The main differences we see across Elm, F, and Reason have to do with the nature of the various module systems. In a lot of ways, Reason’s is the least capable for this specific purpose, because it’s directly tied to OCaml’s module system, which substantially predates any of the others. (I say “in a lot of ways” because OCaml’s modules are surprisingly capable; they end up being their own kind of types and you can do some crazy things with them, all of which I’d like to actually come to understand… eventually.) Rust’s module system, meanwhile, has a lot of similarities to Elm’s in particular, but because we actually carry functions along with the types they impl (though they get defined separately, with all the power that entails), we have a bit less boilerplate we need to write just to get at the specific functions in play.

Next time (probably only a couple of weeks away because we’re working through the book at work in a book club!), I’ll be looking at Chapter 7: Modeling Workflows as Pipelines. I suspect this will be a place where the true functional orientation of Elm, F, and Reason will much more sharply differentiate them from the sometimes-functionalish-but-not-actually-functional way we write things in Rust.

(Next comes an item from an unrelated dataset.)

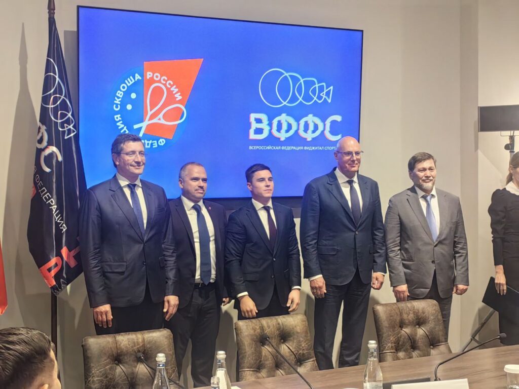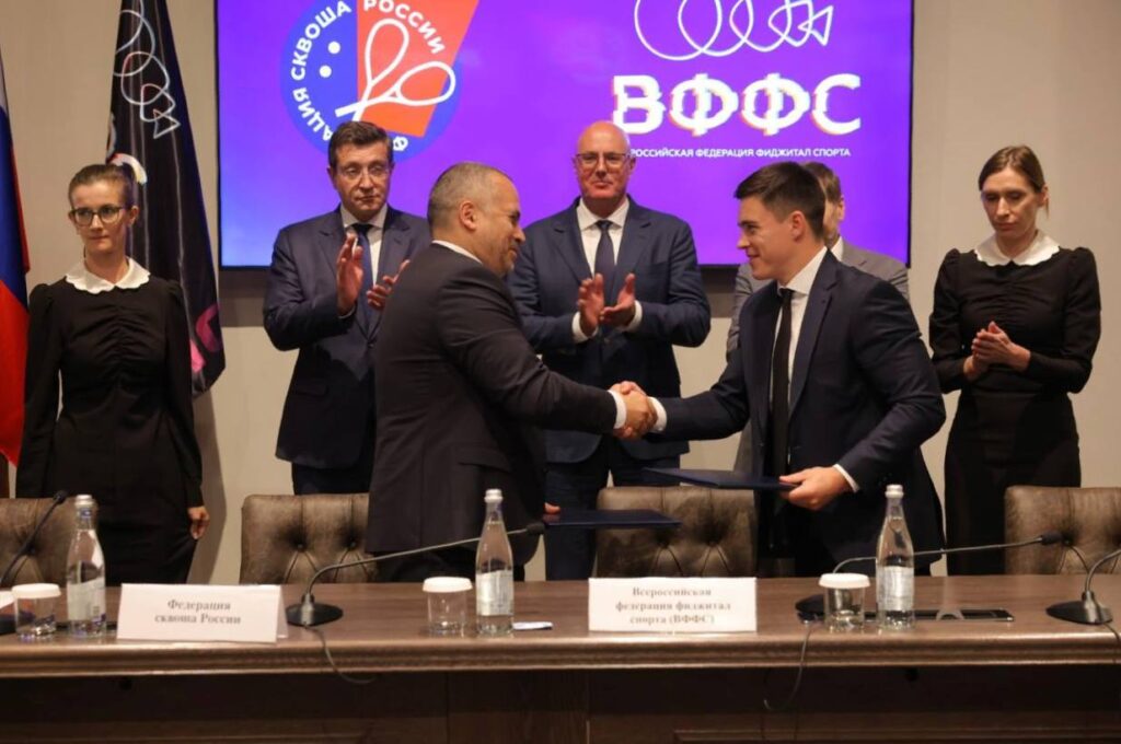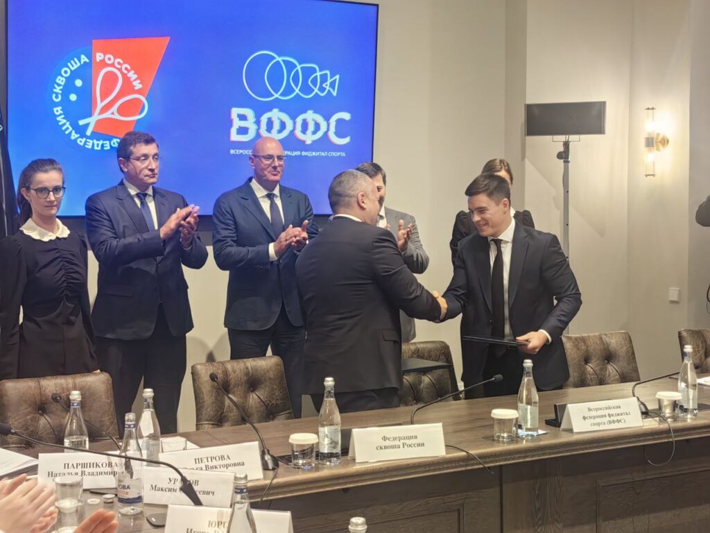 На совещании президенты Всероссийской федерации фиджитал спорта Никита Нагорный и Федерации сквоша России Артём Буслаев подписали соглашение о совместном развитии функционально-цифровой дисциплины вида спорта «сквош».

  1. This reference will live and be valid as long as the underlying WidgetCode is. We could also return a String if we wanted that value to live independently of the WidgetCode instance backing it.

  2. Putting it in its own module, whether in a separate does have implications for privacy, though we don’t much care about them in this case. Rust lets us set the privacy on a whole spectrum, from “visible everywhere” to “only visible in this specific module.”